Engineering Contradictions & Design Principles
Engineering Contradiction Analysis
1Adaptability or versatility
If a spectroscopic model is updated using only target data set, then the model adapts to new conditions, but the model accuracy deteriorates due to limited data representation
Solution Approach 1:
The patent combines the master data set (comprehensive historical data) with the target data set (new condition data) to create an updated spectroscopic model. This merging ensures the model maintains accuracy by leveraging the robustness of historical data while adapting to new conditions through target data, resolving the contradiction between adaptability and accuracy.
Solution Approach 2:
The updated spectroscopic model serves multiple functions: it maintains compatibility with historical data patterns while simultaneously adapting to new measurement conditions. The model is designed to handle both legacy and current data characteristics, making it universally applicable across different time periods and conditions.
2Measurement precision
If multiple spectrometer-specific master data sets are collected, then model precision is maintained for each device, but deployment costs increase
Solution Approach 1:
The patent creates a single updated spectroscopic model that can be universally deployed across multiple spectrometers without requiring individual spectrometer-specific master data sets. This universal model maintains precision across different devices by incorporating diverse data from the master data set, thereby reducing deployment complexity and costs.
Solution Approach 2:
The approach segments the data collection requirement by using a shared master data set that represents multiple spectrometers' characteristics, rather than requiring complete data sets for each individual device. This segmentation reduces the overall data collection burden while maintaining individual device precision.
3Measurement precision
If cross-validation is performed with merged data sets, then model calibration accuracy improves, but computational time increases
Solution Approach 1:
The patent performs preliminary cross-validation analysis to determine the optimal number of principal components before final model training.
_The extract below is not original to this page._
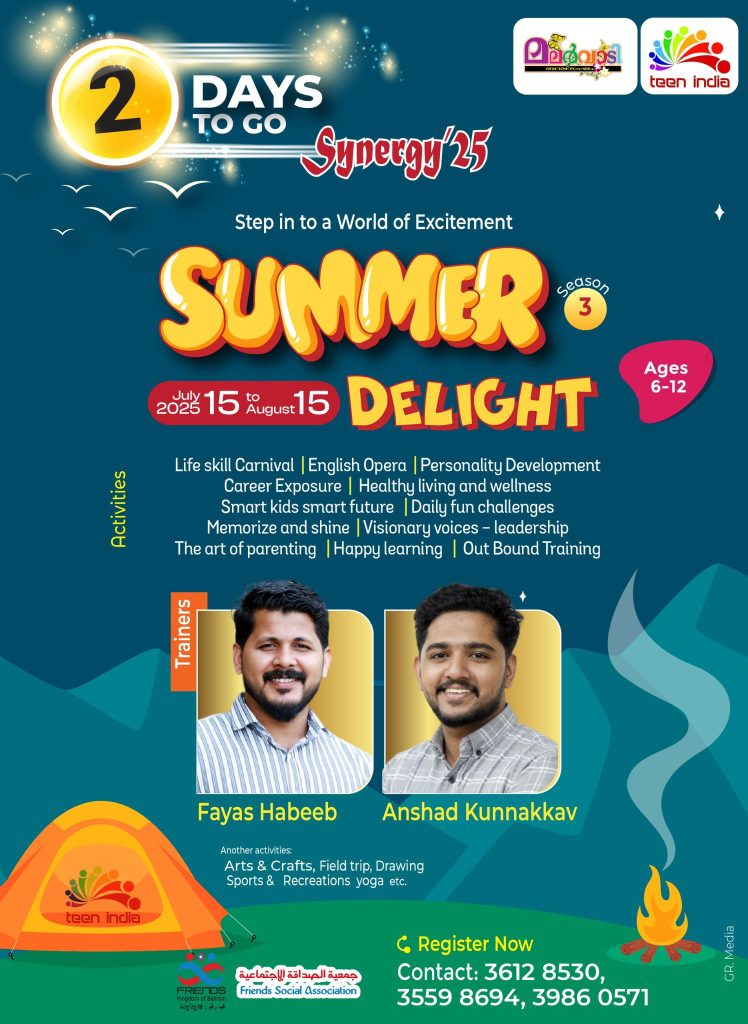 മനാമ: ഫ്രൻഡ്സ് സോഷ്യൽ അസോസിയേഷൻ സംഘടിപ്പിക്കുന്ന സമ്മർ ക്യാമ്പായ സമ്മർ ഡിലൈറ്റ് സീസൺ മൂന്നിന്റെ ഒരുക്കങ്ങൾ പൂർത്തിയായതായി ഭാരവാഹികൾ അറിയിച്ചു. ജൂലൈ 15 മുതൽ ഓഗസ്റ്റ് 15 വരെ നീണ്ടുനിൽക്കുന്ന സമ്മർ ക്യാമ്പ് ആറ് വയസ്സ് മുതൽ 12 വയസ്സു വരെയുള്ള കുട്ടികൾക്കാണ് ഒരുക്കിയിട്ടുള്ളത്. നാട്ടിൽ നിന്നും കഴിവുറ്റ ട്രെയിനർമാരുടെ മേൽനോട്ടത്തിലും പരിശീലനം സിദ്ധിച്ച മെന്റർമാരുടെ സഹായത്തോടെയും നടത്തുന്ന ക്യാമ്പിൽ വിവിധ വിഷയങ്ങളിൽ ഉള്ള ഗൈഡൻസുകളും, അറിവുകളും, ഗെയിമുകളും കുട്ടികൾക്ക് ഭാവിയിലേക്ക് ഗുണകരമാകുന്ന മൂല്യവത്തായ സെഷനുകളും ഒരുക്കിയിട്ടുണ്ട്. പ്രമുഖ യുവ ട്രെയിനർമാരും ലൈഫ് കോച്ചുമാരായ ഫയാസ് ഹബീബും അൻഷദ് കുന്നക്കാവും ആണ് കേമ്പിന് നേതൃത്വം നൽകുന്നത്. കഴിഞ്ഞ രണ്ടു വർഷങ്ങളിൽ വിജയകരമായി സമ്മർ ക്യാമ്പ് സംഘടിപ്പിക്കാൻ സാധിച്ചിട്ടുണ്ടെന്നും അതിൻ്റെ പിൻബലത്തിൽ ഇക്കുറിയും വിപുലമായ രൂപത്തിലാണ് ക്യാമ്പ് സംഘടിപ്പിക്കുന്നതെന്നും കൺവീനർ അനീസ് വി. കെ വ്യക്തമാക്കി. ബഹ്റൈൻ്റെ വിവിധ ഭാഗങ്ങളിൽ നിന്ന് വാഹന സൗകര്യവും ഒരുക്കിയിട്ടുണ്ട്. ഏതാനും സീറ്റുകൾ കൂടി ബാക്കിയുണ്ടെന്നും താൽപര്യമുള്ളവർക്ക് 39593782, 36128530 എന്നീ നമ്പരുകളിൽ ബന്ധപ്പെട്ട് ഉടനെ രജിസ്റ്റർ ചെയ്യാവുന്നതാണെും കോർഡിനേറ്റർ സജീബ് അറിയിച്ചു.

This preliminary action identifies the most informative data subsets and validation strategies, reducing the computational burden of subsequent full model training while maintaining calibration accuracy.
Data Source
AI summary
A device may receive a master data set for a first spectroscopic model; receive a target data set for a target population associated with the first spectroscopic model to update the first spectroscopic model; generate a training data set that includes the master data set and first data from the target data set; generate a validation data set that includes second data from the target data set and not the master data set; generate, using cross-validation and using the training data set and the validation data set, a second spectroscopic model that is an update of the first spectroscopic model; and provide the second spectroscopic model.